Things played out pretty closely to my educated guess on June 9th. SPX corrected 1-2% and then rallied to new highs into end of quarter nearly hitting 1980 on July 1st and not much since. SPX sits at 1974 as I type. Only 12 points below its all-time high. However, it is VERY vulnerable to a 5-10% correction imminently.
1. The projection still stands for a mid-August 5-10% bottom due to my discretionary spending lag thesis. Unfortunately for bulls, spending is UGLY (way worse than portrayed in the news for sure...see consumer spending link on right). U.G.L.Y. You ain't got no alibi. You ugly. What. What. You ugly. Spending has stayed extremely low and slightly falling for 6+ months now without a bounce meaning this tool does not project a significant 8-10%+ bounce once the next significant bottom occurs. These bottoms typically last 5 calendar weeks which means the downtrend would start this week.
2. The late great Terry Laundry's T-Theory Confidence Indicator (FAGIX:VUSTX), which has been primarily bullish since 2009 except 2011, has now made its 3rd consecutive negative divergence in the last 6+ months coinciding with spending interestingly. Combined with the negative divergences against 2011 and 2000, we now have a long-term and short-term triple divergence. I mentioned that there was a pattern of huge downturns during similar divergences with this indicator in the past in 2000, 2004, 2007, 2011 and ?2014?.

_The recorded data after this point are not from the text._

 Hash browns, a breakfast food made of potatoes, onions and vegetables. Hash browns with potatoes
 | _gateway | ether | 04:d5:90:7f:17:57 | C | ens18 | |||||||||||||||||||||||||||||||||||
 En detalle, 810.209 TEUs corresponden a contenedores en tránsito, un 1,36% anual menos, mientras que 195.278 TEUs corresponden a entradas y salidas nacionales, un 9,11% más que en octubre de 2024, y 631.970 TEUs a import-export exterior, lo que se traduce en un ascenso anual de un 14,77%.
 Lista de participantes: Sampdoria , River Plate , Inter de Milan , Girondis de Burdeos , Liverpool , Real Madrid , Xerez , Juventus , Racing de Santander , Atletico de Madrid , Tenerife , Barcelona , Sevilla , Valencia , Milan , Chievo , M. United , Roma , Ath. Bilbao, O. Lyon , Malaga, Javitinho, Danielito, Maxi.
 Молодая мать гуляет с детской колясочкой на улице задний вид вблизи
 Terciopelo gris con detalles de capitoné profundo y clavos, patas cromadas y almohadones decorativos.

3. The bearish stat is now stretched regarding bull markets setting all-time highs 10%+ above old highs like we have done since April 2013 when SPX surpassed 1576. They typically make a 50%+ correction of that old high starting about 1 year after the high was broken. We are now on month 15. I don't think any previous examples I pointed to going back to year 1900 lasted much if any longer than 15 months.

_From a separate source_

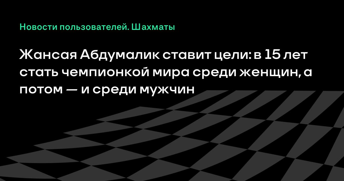 Жансая Абдумалик ставит цели: в 15 лет стать чемпионкой мира среди женщин, а потом — и среди мужчин

4. SPX-related technical indicators appear to be turning bearish. The short-term moving averages I follow are at 1968-1973, so slipping back below those would make my System's Score more bearish and be more supportive of a pullback. Also, there were plenty of negative divergence on the daily, weekly and monthly charts at the recent SPX highs. The TRIN moving average is low. VIX has diverged bullishly and now confirmed the breaking of its 5+ month downtrend.
In addition, the FOMC confirmed tapering into October and possible earlier tightening, there are bubbling global risks in Russia and the Middle East, there was a Bradley model turn date on July 16, we've yet to experience the typical summer swoon and GDP/inflation/housing/economics are concerning. Any and all of those things could be an excuse for a spark lower.
Having said all that, if SPX falls back below the 1968-1973 area and then breaks 1956, I think 1930ish is a good initial target with 1900-1920 offering more support. If we don't reach those targets until mid-August, that could be it. If we hit those targets earlier, we'll probably still get a 20-30pt bounce, but 1815 wouldn't be out of the question after that. Regardless, SPX is unlikely to move much if any higher based on the info above and should make a sizable bottom in mid-August. SPX is also not expected to bounce 8-10%+ from that low, so SPX may or may not make new highs into Sep/Oct depending on how low the August bottom is. Good fortune.